An Early Spring

Despite my annual mid-January whining about wanting warmer weather to arrive, I was caught off-guard by Atlanta’s astonishingly short winter this year. All sorts of plants that I can’t expect to begin leafing out until late March began blooming in early February…and the avalanche-like blossoming of the garden hasn’t faltered since – or, as in so many “false springs,” been ruined by a late-winter frost.

So much for my resolve this year to record the first appearance of each blooming thing in my yard – I waited too long to begin my scribblings, and before I knew it I had already lost track of what bloomings preceded (or followed) the others.

Another index of the early spring is what’s happening with my herb garden. I usually buy my herbs in late April, but they’re already growing (and on sale) everywhere already, so I’m rescheduling this year’s ritual purchases for this coming weekend instead of later on. It feels strange to plant herbs so soon, but the ones that survived the unusually short and mild winter are getting so lush that I’m afraid to wait any longer to plant the new ones.

Going against all my instincts to drag back outside before April 15th (the pre-global warming era’s last-frost date for Atlanta) the patio plants I’d moved indoors for the winter, I did that dreaded annual chore two weekends ago. Among the winter-sheltered plants taken back outdoors was a lemon verbena looking dead as a doornail; today I noticed that it’s leafing out like crazy already.

After a welcome (though hardly torrential) rain on Friday night, it looks like Atlanta’s gardeners will be enjoying yet another long stretch of unseasonably warm (if rather too dry) weather. Fortunately, it’s been cool enough in the mornings and the evenings to tackle a host of garden chores usually undertaken in late April instead of late March. I’m hurrying to get new plants into the ground that otherwise wouldn’t have been planted until late April. In short, late March turned out to be this season’s Primo Gardening Time, rather than the cusp of PGT. This afternoon I dragged out the ladder to give the creeping fig that covers the front of the house the first of a series of severe and long-overdue haircuts, and quickly planted (before it gets too hot out there!) four more variegated ajugas around the base of the statue of St. Francis.

All through the second half of March, the evening weather in particular has been sublime: perfect for walks in a neighborhood fast filling up with familiar blooming shrubs and flowering trees, the night sky featuring the moon and Venus and Jupiter in delightful proximity.

Tonight I took the latest in a series of evening walks, each leg of which deepened my gratitude for living in the midst of such floribundant splendor. My meandering took me by a stream populated with croaking frogs, and eventually alongside the house of a friend who was sitting out on her screened porch. I stopped to chat, and she walked me across the street so I could smell a lilac blooming there. A lilac in Atlanta! (Earlier today, remembering how I used to do it in the summertime when I was a kid, I munched on several blossom-ends of two different varieties of honeysuckle. Honeysuckle in April!)

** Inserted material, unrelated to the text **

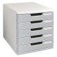 Módulos de clasificación apilables y ajustables mediante clips, para crear verdaderas paredes de clasificación. Para documentos hasta formato 24 x 32 cm. 4 alturas últiles de cajón: de 2,6 cm a 11 cm. Cajones intercambiables suministrados con portaetiquetas y etiquetas. Cuerpo gris claro con esquinas redondeadas. Fabricado en Poliestireno. Medidas de un módulo: Alt. 32,5 x An. 29 x Fon. 35 cm.
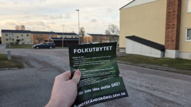 Flygblad i Storvik Måndagen den 6 april delade Kampgrupp 502 ut flygblad i Storvik, Sandviken kommun.

Anyway, it was another in lovely evening in the city, and I am lucky to live in one of its most beautiful quadrants. Within walking distance of my front door are five public parks, connected by block after block of interesting houses and gardens to enjoy. Reluctantly bringing to a close a walk I had prolonged for the sheer pleasure of the sunset, the breezes, and the glimpses of so many fast-darkening streetside gardens, I made my way back to my own abode. I’d left a light on in the front window, and I returned from my invigorating, reflective walk happy with the prospect of curling up on a comfortable couch for another absorbing chapter of the book I’d started earlier this week (The Ladies of Llangollen).

Life is good.

P.S. On the official first day of spring this year, my friend Franklin posted to Facebook a poem that fellow-poet Rupert Fike had stumbled across. For me, Andrew Hudgins’ “The Persistence of Nature in Our Lives” transforms Atlanta’s recent episode of record-breaking pollen into almost A Good Thing.

P.P.S. The photo above is of an azalea in my front yard that I took in April two years ago. This morning I was planning to take a photo of this year’s blooms to post along with these comments, but this year’s blooms are already on the ground. Can this weird fast-forwarding spring slow down just a bit, please?